Zaniosłem się histerycznym płaczem. Za oknem wtórowały mi odgłosy burzy. Po
chwili nie było już nic. Wszystko zlało się w jedność, a woda zabrała całe
ciepło z mojego ciała.
***
Wyjrzałam na ulicę, by upewnić się,
że już go nie ma i mam spokój, a może by się przekonać, że jednak zniknął i
zostawił mnie samą. Pozwoliłam mu
odejść, co nie do końca uważałam za dobrą decyzję. Powinnam załatwić sprawę od
razu, bez żadnych niedopowiedzeń. Tymczasem wyszedł, nie mówiąc wszystkiego.

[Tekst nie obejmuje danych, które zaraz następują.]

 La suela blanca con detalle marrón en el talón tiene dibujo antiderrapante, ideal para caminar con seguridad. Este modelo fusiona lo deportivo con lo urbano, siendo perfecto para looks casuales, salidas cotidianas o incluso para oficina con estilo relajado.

Zaczynało do mnie docierać, że jednak tu był, patrzył na mnie, dotykał mnie.
Siedem lat ze świadomością, że może się zjawić. Każdy dzień zlał się teraz w
jedno i zdawało mi się, że wcale nie minęło tyle czasu od naszego ostatniego spotkania.
Jakby to było wczoraj. Szkoda, że nie to nie mogła być prawda. Mieliśmy po
dwadzieścia pięć lat, wiele doświadczeń za sobą i wiele przed nami. Najgorsze
było jednak to, że nie wiedzieliśmy, co nas czeka. Żyliśmy z dala o siebie
przez długie lata, a teraz los znów nas łączył. Nie wiedziałam, czy tego chcę.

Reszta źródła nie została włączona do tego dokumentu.